Ethereal rock duo Asobi Seksu may be busy traveling on a world tour, but lead singer Yuki Chikudate's cat, Tony, could care less.
"He's really a jerk, especially now that I'm gone so much," said Chikudate, who lives in Brooklyn. "He gets really, really upset with me and he's not nice when I come home, but I don't blame him. You know, he didn't choose this life."
Asobi Seksu means "playful sex" in Japanese, even though Chikudate, who is Japanese-American, isn't sure if it's actually a Japanese phrase. She and guitarist James Hanna have often been pigeonholed as modern shoegazers, a style with dreamy guitar walls and reverb popular in the '90s.
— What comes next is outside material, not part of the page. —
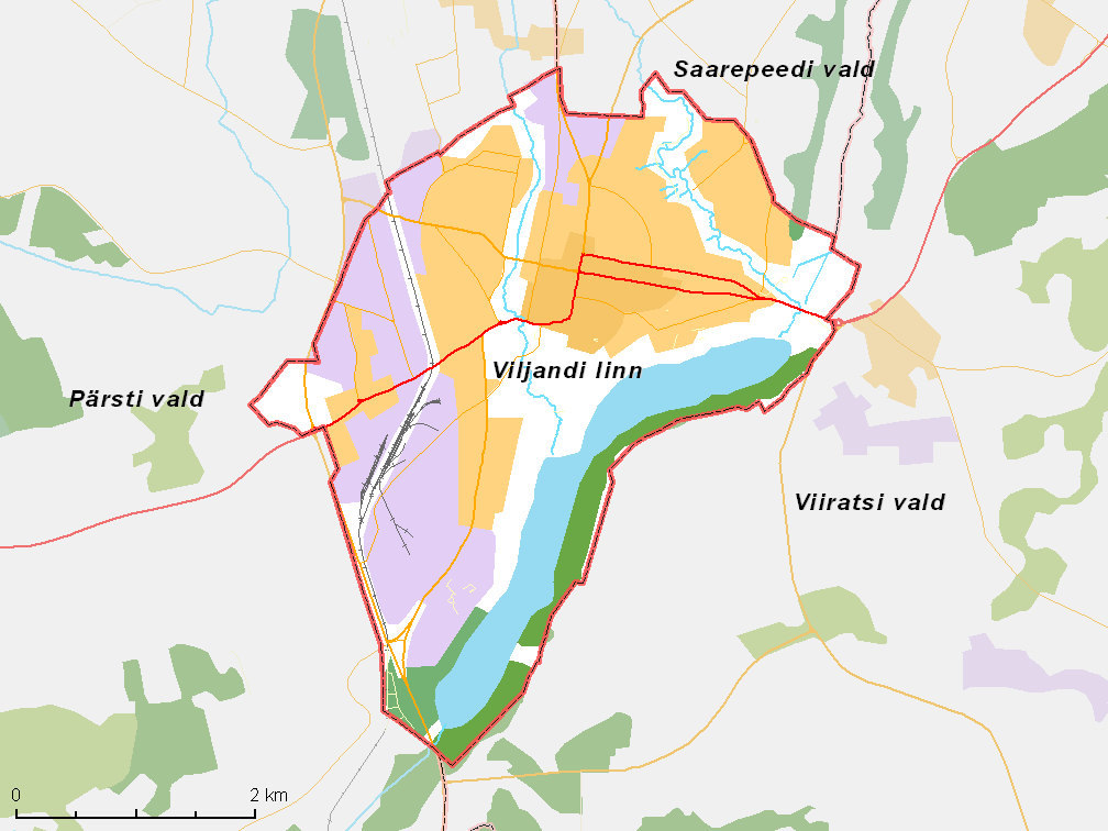 Map of municipality in Estonia

But with their sweeping and ambient new CD, "Hush," released last month, Chikudate said she and Hanna have tried to move away from that sound.
"We got tired of just making walls and walls of guitar on every song," she said. "Mostly that was James . . . so I think he got tired of his own noise."
Chikudate has had a fair share of strange encounters on the road, including an older woman who bulldozed into her dressing room in Chicago ("She kept yelling 'I'm 51 and from Cleveland!' ") and a show at an indoor trinket swap, located in a former appliance store, in Bakersfield, Calif. "It was just the oddest thing ever," Chikudate said, describing how the makeshift stage overlooked turtles in the window of a pet store next door.
But the hardest part of tour life for Chikudate is recalling where she is in the morning. "I'll wake up and I'll expect another hotel room, or like I'll go down to the lobby and [think], 'Wait, which tour manager am I going to see again? Are we in Europe?' " she said. "My brain will just kind of freak out."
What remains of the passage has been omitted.